___ Entries supplied ___
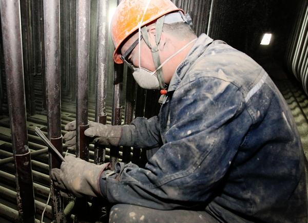 9月6日,國(guó)電大武口熱電有限公司一名職工正在對(duì)該公司1號(hào)機(jī)組鍋爐尾部受熱面管排進(jìn)行檢查。近日,大武口公司搶抓機(jī)組調(diào)停時(shí)機(jī),積極檢查鍋爐“四管”磨損情況以及對(duì)重要缺陷進(jìn)行搶修,為下一步的安全運(yùn)行及供熱期的到來(lái)做好充分準(zhǔn)備。
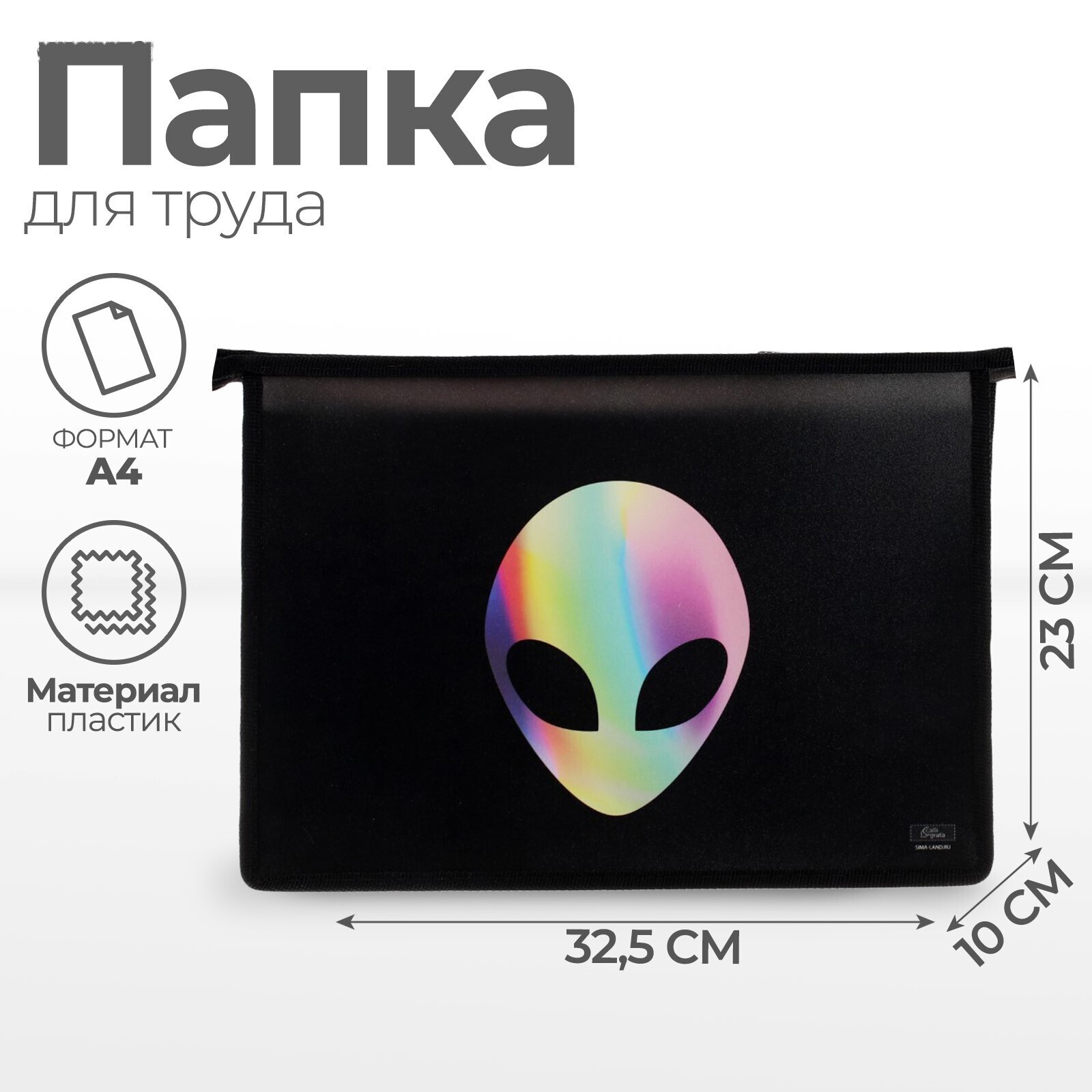 Папка для труда А4, 325 х 230 х 100 мм, молния сверху, пластиковая, ПТР-22 "Пришелец"
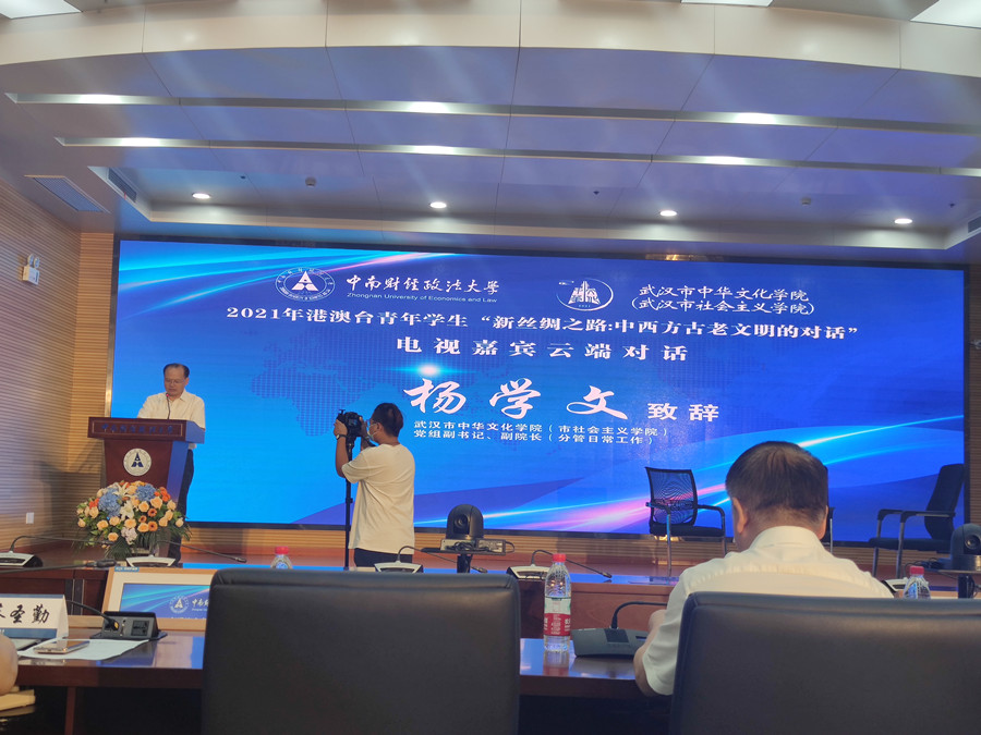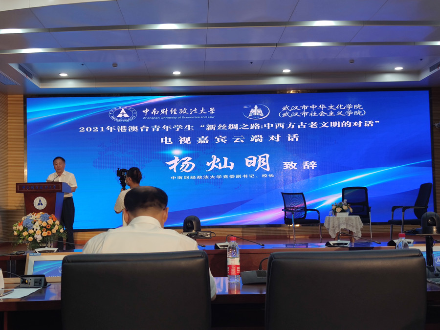 2021年9月27日下午,中南财经政法大学、武汉市中华文化学院(武汉市社会主义学院)共同开展2021年港澳台青年学生“新丝绸之路:中西方古老文明的对话”电视嘉宾云端对话。中南财经政法大学党委副书记、校长杨灿明,武汉市中华文化学院(武汉市社会主义学院)党组副书记、副院长(分管日常工作)杨学文出席并致辞。中南财经政法大学港澳台青年学生、外国留学生参加会议。
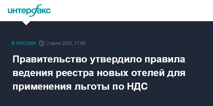 Москва. 2 июля. INTERFAX.RU - Правительство РФ утвердило правила ведения реестра новых отелей и других объектов туриндустрии, владельцы которых будут освобождены от налога на добавленную стоимость (НДС) на ближайшие пять лет, сообщается в субботу на сайте кабинета министров.
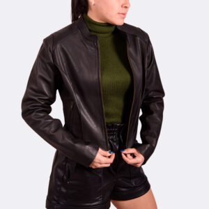 Chaqueta para dama. Construida en fina piel. De becerro. Con acabado tipo pulido. Italiano. La cual cuenta con. Costuras realizadas en forma de rombo. En los laterales. Cierre metálico al frente de la marca.KK Cuello tipo, Mao. Y en su interior tenemos un fino forro. De acetato. Grabado en líneas diagonales Y una bolsa interior
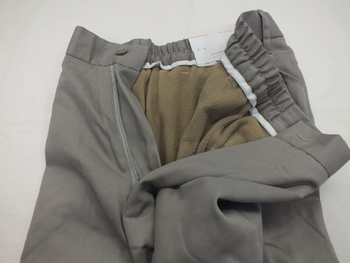 脇シャーリング仕様で窮屈さを感じず履き心地抜群、裏総フリース仕様で暖か!! 品名:脇シャーリング・裏フリース綿パン カラー:①ベージュに近いグレー ポケット:両脇2か所、後ろ1か所 サイズ:M(ウエスト73㎝~79㎝)股下65㎝ 表地:ポリエステル80/綿20 シーズン:秋冬 縫製:中国 詳細寸法 ウエスト73㎝~79㎝/ヒップ108cm/股上28㎝/股下65㎝ 注意)後ろポケットはフラップ付きですがフエイクです。 | ||||
___
_What you are asked to do:_ The answer is the full listing above, repeated exactly, with its pictures removed.

_Reply:_
 9月6日,國(guó)電大武口熱電有限公司一名職工正在對(duì)該公司1號(hào)機(jī)組鍋爐尾部受熱面管排進(jìn)行檢查。近日,大武口公司搶抓機(jī)組調(diào)停時(shí)機(jī),積極檢查鍋爐“四管”磨損情況以及對(duì)重要缺陷進(jìn)行搶修,為下一步的安全運(yùn)行及供熱期的到來(lái)做好充分準(zhǔn)備。
 Папка для труда А4, 325 х 230 х 100 мм, молния сверху, пластиковая, ПТР-22 "Пришелец"
 2021年9月27日下午,中南财经政法大学、武汉市中华文化学院(武汉市社会主义学院)共同开展2021年港澳台青年学生“新丝绸之路:中西方古老文明的对话”电视嘉宾云端对话。中南财经政法大学党委副书记、校长杨灿明,武汉市中华文化学院(武汉市社会主义学院)党组副书记、副院长(分管日常工作)杨学文出席并致辞。中南财经政法大学港澳台青年学生、外国留学生参加会议。
 Москва. 2 июля. INTERFAX.RU - Правительство РФ утвердило правила ведения реестра новых отелей и других объектов туриндустрии, владельцы которых будут освобождены от налога на добавленную стоимость (НДС) на ближайшие пять лет, сообщается в субботу на сайте кабинета министров.
 Chaqueta para dama. Construida en fina piel. De becerro. Con acabado tipo pulido. Italiano. La cual cuenta con. Costuras realizadas en forma de rombo. En los laterales. Cierre metálico al frente de la marca.KK Cuello tipo, Mao. Y en su interior tenemos un fino forro. De acetato. Grabado en líneas diagonales Y una bolsa interior
 脇シャーリング仕様で窮屈さを感じず履き心地抜群、裏総フリース仕様で暖か!! 品名:脇シャーリング・裏フリース綿パン カラー:①ベージュに近いグレー ポケット:両脇2か所、後ろ1か所 サイズ:M(ウエスト73㎝~79㎝)股下65㎝ 表地:ポリエステル80/綿20 シーズン:秋冬 縫製:中国 詳細寸法 ウエスト73㎝~79㎝/ヒップ108cm/股上28㎝/股下65㎝ 注意)後ろポケットはフラップ付きですがフエイクです。 | ||||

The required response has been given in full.